*** Opening Available data ***

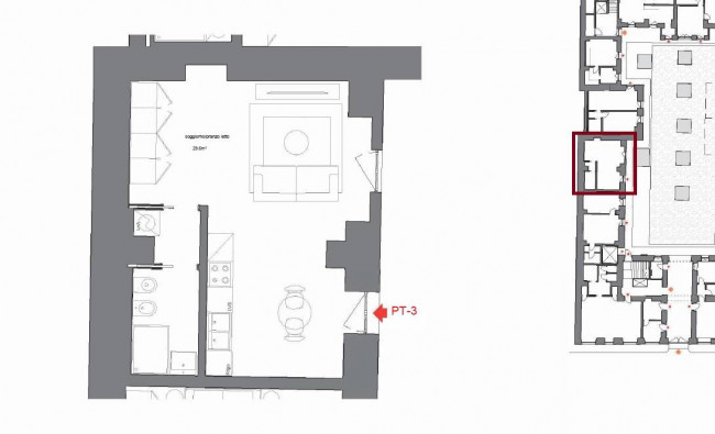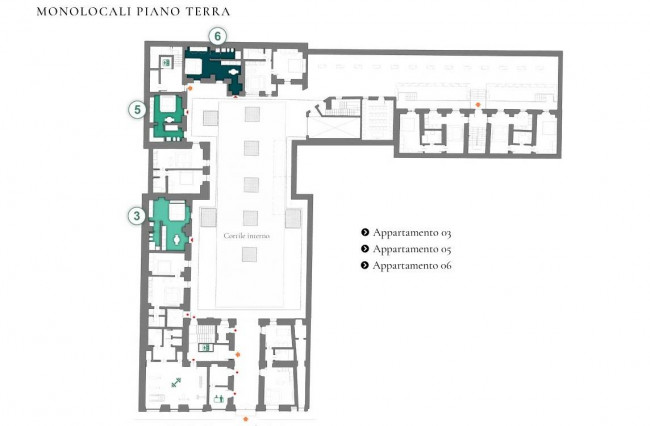 Appartamento monolocale ristrutturato a nuovo, esposto su corte interna, in condominio storico in fase di totale restauro con l'applicazione di soluzioni impiantistiche che garantiscano comfort abitativo e risparmio energetico.
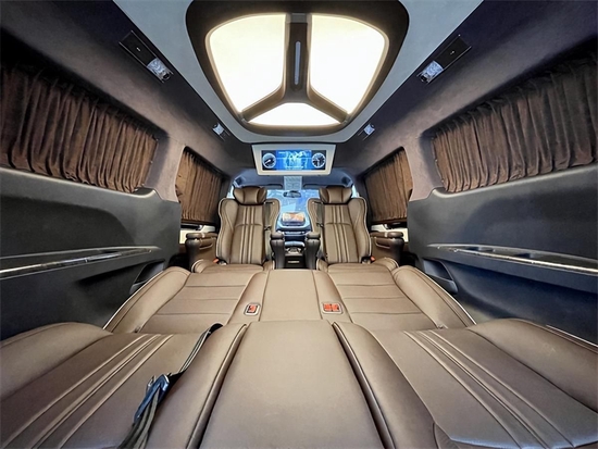 除此之外,后排还配备有高清宽幅网络电视以及麂皮绒制作的高级私密窗帘,像是一个移动的小型私人影院,旅行途中再也不无聊啦!商务接待的时候,还可以循环播放公司的宣传片,是一个绝好的展示公司形象,加深客户了解的机会哦!
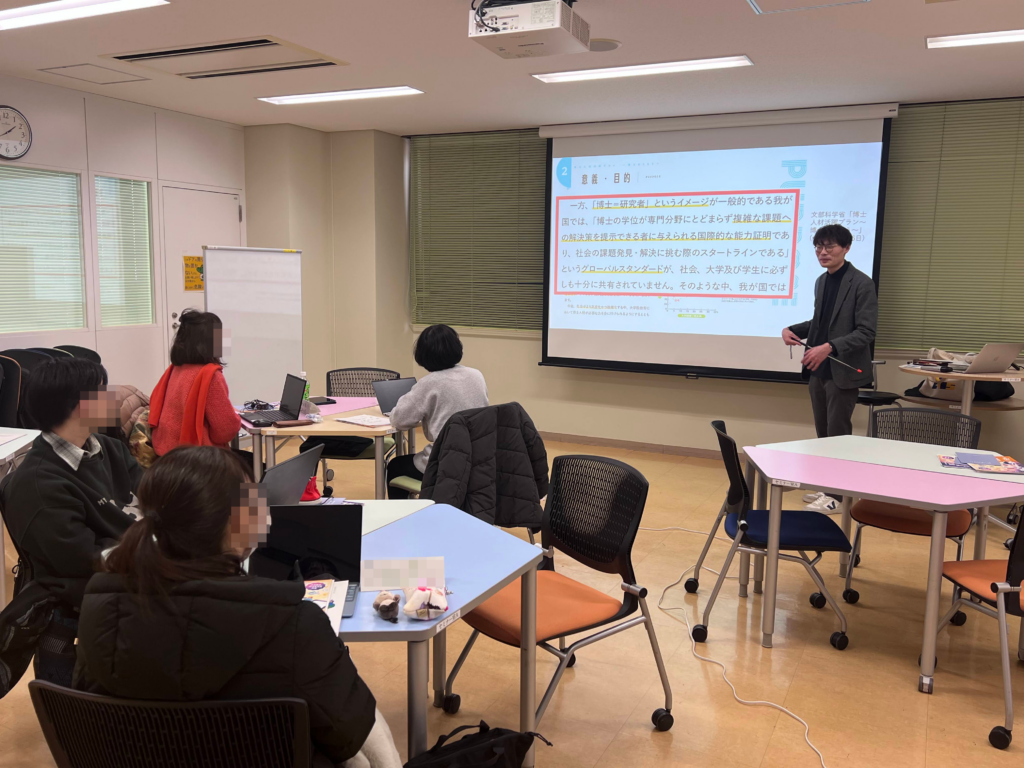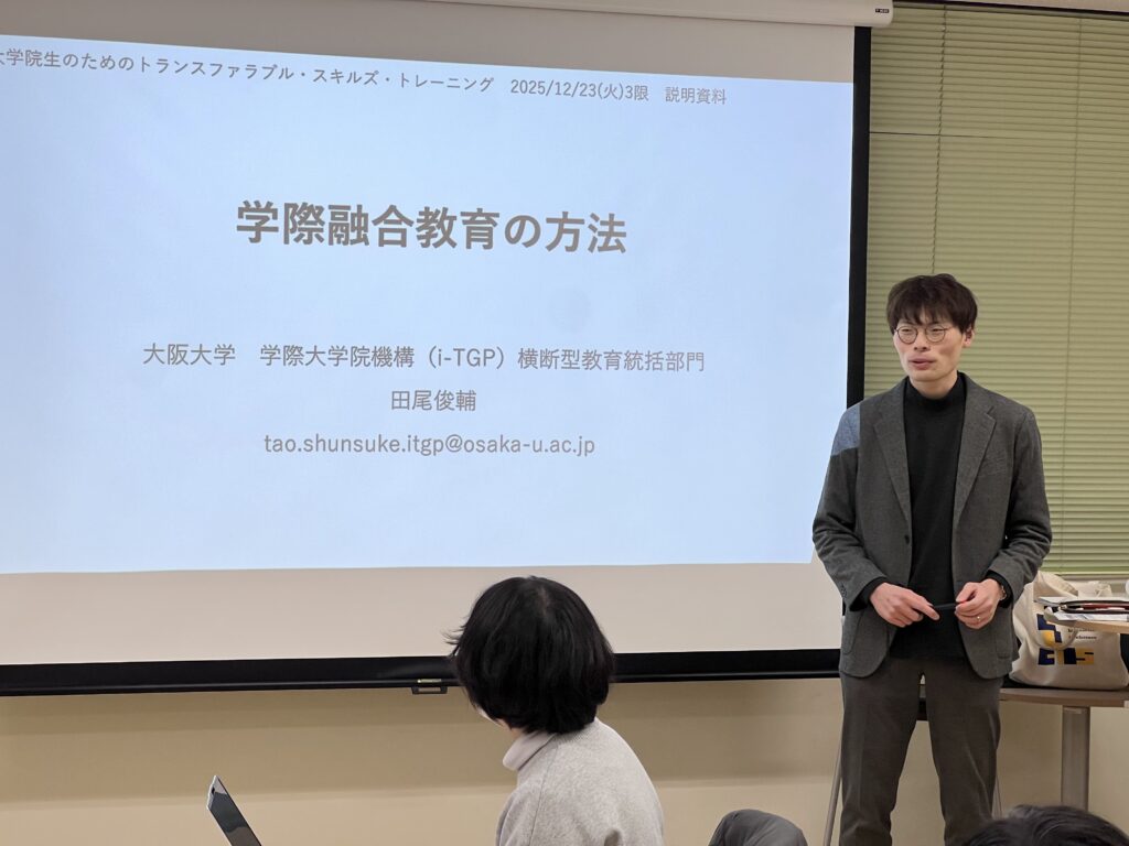 2025年12月23日(火)3限、学際融合教育科目「大学院生のためのトランスファラブル・スキルズ・トレーニング」(担当教員:キャリアセンター・家島明彦准教授)の1コマにおいて、田尾俊輔助教が「学際融合教育の方法」というタイトルでゲスト講義を実施しました。大阪大学の大学院教育システムや副専攻・高度副プログラムを紹介するとともに、他分野の人と共同研究を考えるワークを行い、専門力を伸ばすための副専攻的な学びの重要性を体感してもらいました。以下、授業を受けた受講生の感想です。学際教育や大学院共通教育に関する出張授業等のご依頼がありましたら、学際大学院機構までお知らせください。

*** Closing Available data ***

#### [Exercise directions]
In your reply, please print exactly the lines from the one with "除此之外,后排还配备有高清宽" through the final line of the listing above, both included, and no pictures.

#### [Result below]
 除此之外,后排还配备有高清宽幅网络电视以及麂皮绒制作的高级私密窗帘,像是一个移动的小型私人影院,旅行途中再也不无聊啦!商务接待的时候,还可以循环播放公司的宣传片,是一个绝好的展示公司形象,加深客户了解的机会哦!
 2025年12月23日(火)3限、学際融合教育科目「大学院生のためのトランスファラブル・スキルズ・トレーニング」(担当教員:キャリアセンター・家島明彦准教授)の1コマにおいて、田尾俊輔助教が「学際融合教育の方法」というタイトルでゲスト講義を実施しました。大阪大学の大学院教育システムや副専攻・高度副プログラムを紹介するとともに、他分野の人と共同研究を考えるワークを行い、専門力を伸ばすための副専攻的な学びの重要性を体感してもらいました。以下、授業を受けた受講生の感想です。学際教育や大学院共通教育に関する出張授業等のご依頼がありましたら、学際大学院機構までお知らせください。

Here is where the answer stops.